◆ Provided data ◆

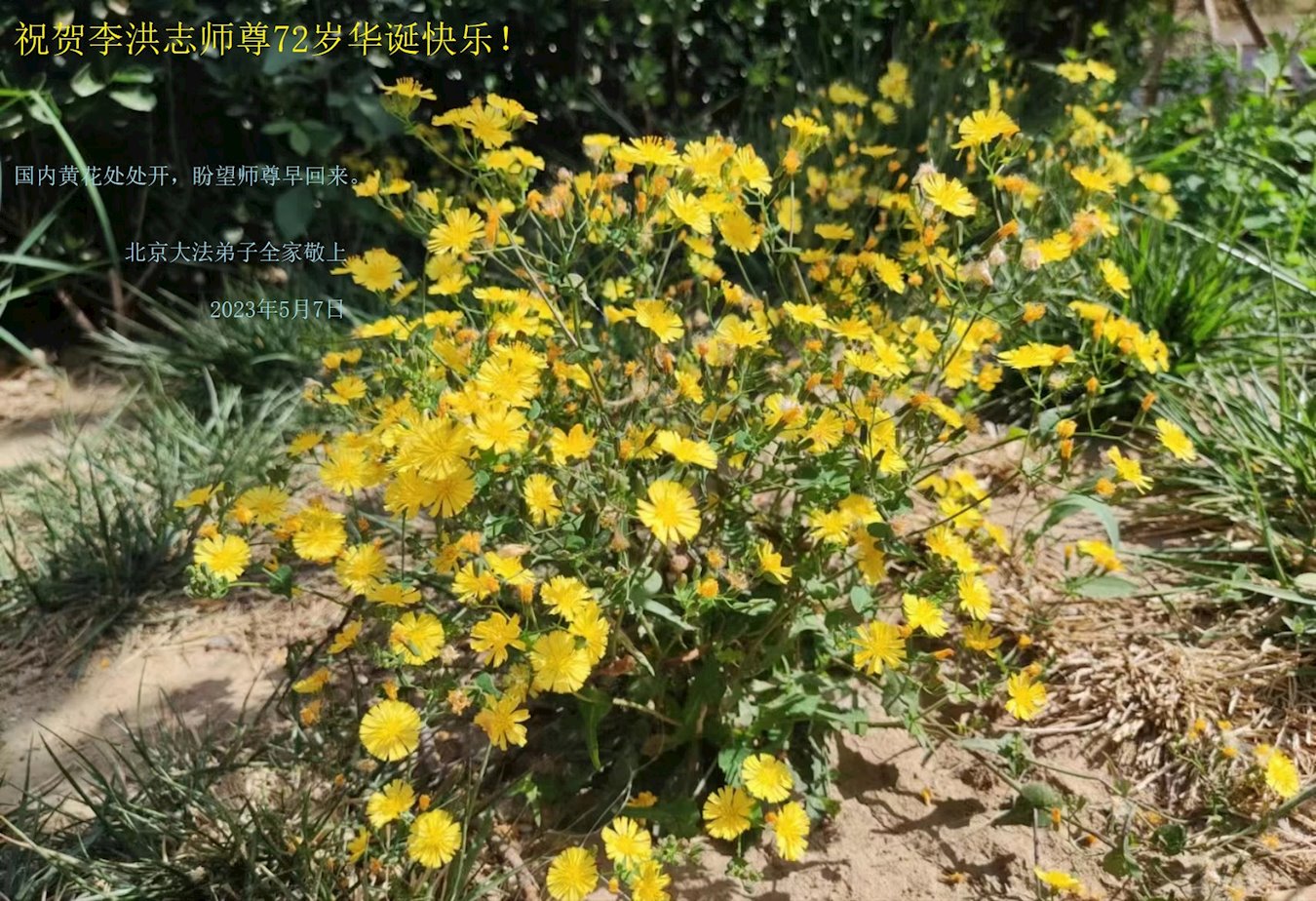今天(5月7日)上午,北京阳光明媚,在所住小区院子里,看到一处处的黄花开得茂盛,不由想起了师尊《洪吟》中提及的黄花。于是,用手机拍了图片并添加了两句话:“国内黄花处处开,盼望师尊早回来。”我们夫妻同修及全体家人遥祝师尊72岁生日快乐!感恩您的慈悲救度!师尊您辛苦啦!合十 北京大法弟子及全家人 2023年5月7日 北京市全体大法弟子恭祝师尊生日快乐!
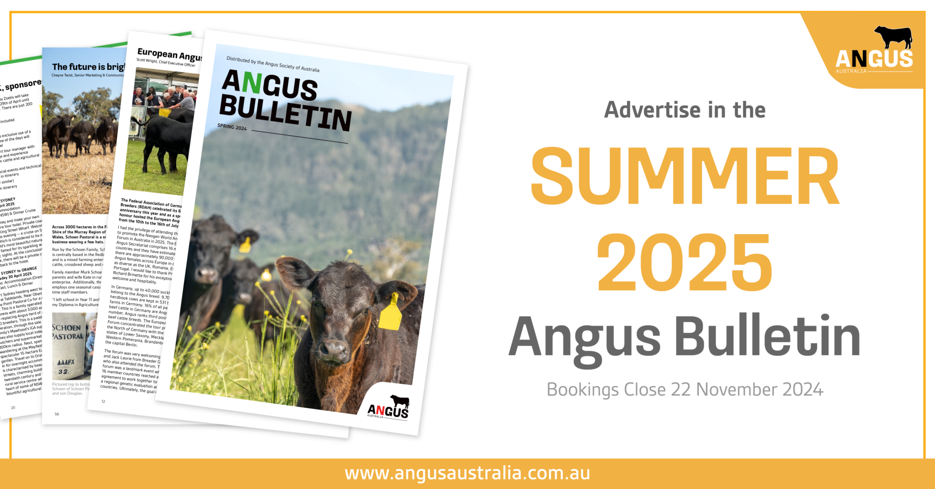 Bookings close Monday November 22nd for advertising in the Summer 2025 Angus Bulletin.
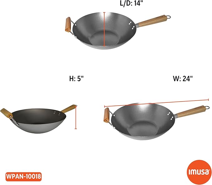 Imusa 14in Carbon Steel Wok with Wood Handles
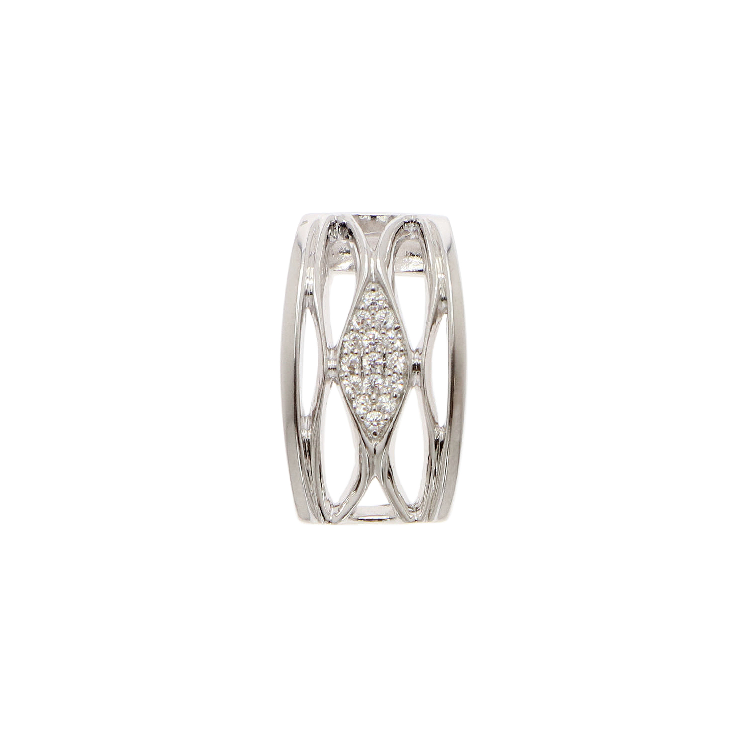 The pictured pendant comes in a wide band design and is set with multiple cubic zirconia stones. It is made of 925 sterling silver and has a rhodium-plated surface. This pendant delivers timeless elegance and is great for using as a fashion accessory.
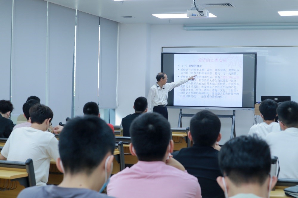 杨韶刚教授从“爱”这个字的含义出发,带领在座的男同学们一起揭开“爱情”的面纱。爱,在《说文解字》中解释为:行皃,一起走路的样子。显而易见,恋爱是双方之间的相互爱慕与爱慕行为的表现。杨教授提及,一般我们会经历从相识、认同、喜欢再到吸引这样一个过程。并强调爱情的最终目的是“寻找终身伴侣”,达到不言不语也能体察、理解对方的需求,慢慢地也可能会出现我们所说的“夫妻相”,这样的爱情不会随着年岁的增长而衰弱。
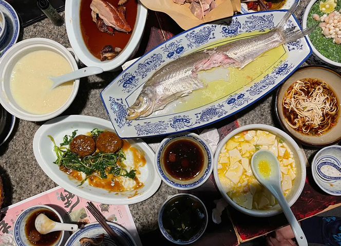 南京大排档还是那个排大长龙的大排档。我们从家出发前,就先打电话问能不能提前拿号,服务员说不行,然后我们家的两宝。先行去取号了,因为他们住得很近,于是我们到店时正好排到我们,时间正正好好。(心想:嗯~看来今天就该吃啊😁) 怀着愉悦的心情入座点餐,其实他家真的,每道菜闭眼入,都没问题。来之前,我们的饮食大概清淡了两周,所以点得有点“刹不住脚”,最后打包了六七个菜。实在是吃到扶墙出…… 老牌阳春面:点它姐妹们! 简简单单的阳春面,怎么会那么好吃?汤头很鲜,但绝不是人工添加剂的鲜,是自自然然的鲜,是不露声色的鲜,细面的柔滑,真是我们江南面食的最大特色了,软硬适中,火候正好,真想痛痛快快地吸溜出声音但大庭广众还是“矜持”了下下……我们四个人分一分,清盘,连汤带面! 鱼鸡汁白鱼: 虽然是我和爸爸俩海鲜杀手的最爱,但另一位平时总是怕腥的人都动筷子了,边吃边夸:嗯!真的好鲜!好好吃!然后,三人清盘(另一位从不吃鱼的不计入内鱼肉绝对新鲜,肉质格外鲜美,咸、甜平衡度极好,而且我感觉……是稍微腌制过的?有些部位的质感非常有“力量”哈哈哈抱歉我词穷了,你得去吃才知道!点它,姐妹们!
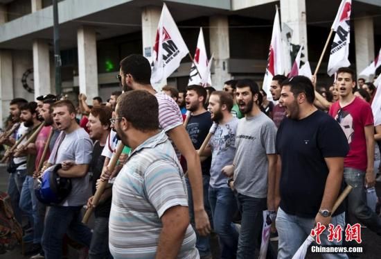 资料图:当地时间7月22日,希腊雅典,希腊民众组织大规模反紧缩游行。
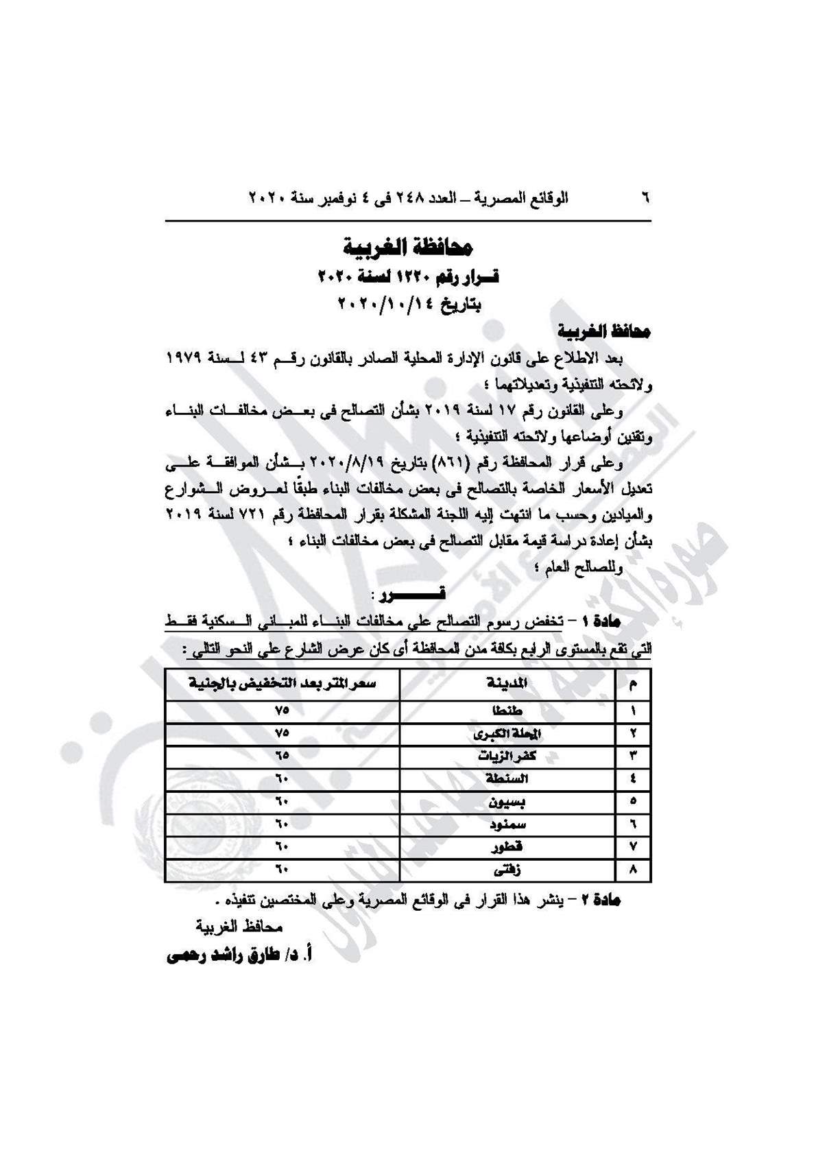 نشرت جريدة الوقائع المصرية في عددها رقم 248، الصادر في 4 نوفمبر 2020، قرار محافظة الغربية رقم 1220 لسنة 2020، تخفيض رسوم التصالح في مخالفات البناء للمباني السكنية فقط بكافة مدن المحافظة.
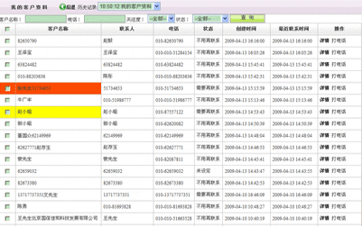 和客户的交流过程同时也是对客户进行筛选的过程,每一次的交流、对话都能得到相应的结果,客户是否对我们的产品感兴趣?是否在近期就有可能购买?逐步的了解,逐步的筛选,最终将得到最有价值的客户资源。 图中不同颜色表示的是客户关注度不同,根据颜色的区分,销售人员会很快的找到最有价值的意向客户。
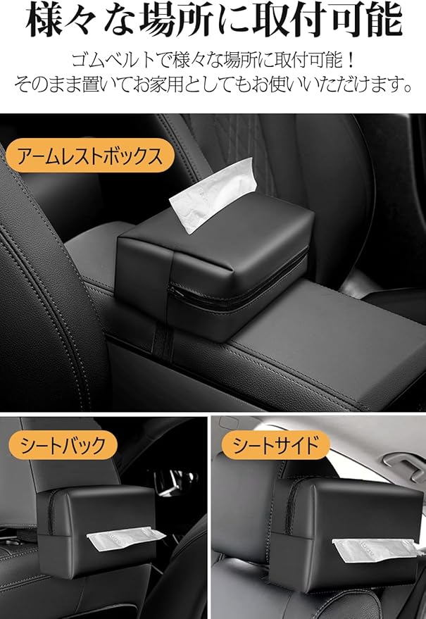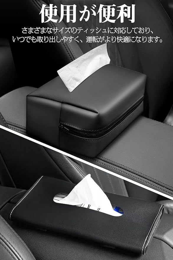 【使い勝手が良い】このティッシュケースは調整可能なバンドが付属し、工具不要でアームレストに縦置きしてバンドで簡単に固定できます。簡単にティッシュを取れるため、便利です。また、ジュースやお菓子で汚れてもカバーはウェットティッシュで簡単に拭き取れます。
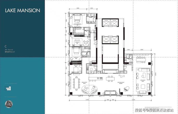 C户型:14米朗阔开间、28米奢华进深、270º湖滨视野、四室四厅五卫双厨
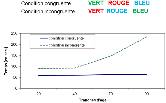 À partir de 40 ans, temps de réaction de + en + élevé pour condiiton incongruente, donc + de difficulté à inhhiber la réponse
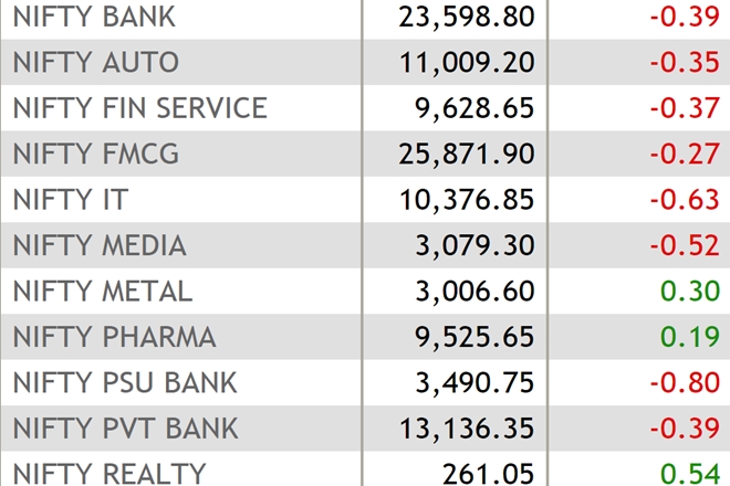 10:43 am: The information technology index of NSE, Nifty IT extend morning losses, down 0.95% at 10.343.15 points followed by the consumer goods index, Nifty FMCG which also trade down 0.62% at 25,780.45 points.
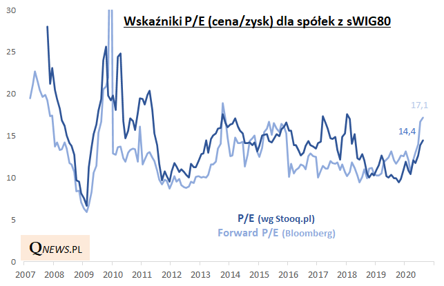 Wskaźniki P/E z poziomów niskich lub nawet bardzo niskich, wspięły się wyraźnie wyżej. W wersji opartej na raportowanych zyskach współczynnik ten zrównał się ze swą historyczną średnią, zaś w wersji opartej na prognozach analityków (forward P/E) jest już nawet powyżej analogicznej średniej.

◆ What is required ◆
Reproduce the listing above only between the lines holding "نشرت جريدة الوقائع" and "À partir de", inclusive. Every line must match exactly, and pictures are dropped.

◆ Result of the exercise ◆
 نشرت جريدة الوقائع المصرية في عددها رقم 248، الصادر في 4 نوفمبر 2020، قرار محافظة الغربية رقم 1220 لسنة 2020، تخفيض رسوم التصالح في مخالفات البناء للمباني السكنية فقط بكافة مدن المحافظة.
 和客户的交流过程同时也是对客户进行筛选的过程,每一次的交流、对话都能得到相应的结果,客户是否对我们的产品感兴趣?是否在近期就有可能购买?逐步的了解,逐步的筛选,最终将得到最有价值的客户资源。 图中不同颜色表示的是客户关注度不同,根据颜色的区分,销售人员会很快的找到最有价值的意向客户。
 【使い勝手が良い】このティッシュケースは調整可能なバンドが付属し、工具不要でアームレストに縦置きしてバンドで簡単に固定できます。簡単にティッシュを取れるため、便利です。また、ジュースやお菓子で汚れてもカバーはウェットティッシュで簡単に拭き取れます。
 C户型:14米朗阔开间、28米奢华进深、270º湖滨视野、四室四厅五卫双厨
 À partir de 40 ans, temps de réaction de + en + élevé pour condiiton incongruente, donc + de difficulté à inhhiber la réponse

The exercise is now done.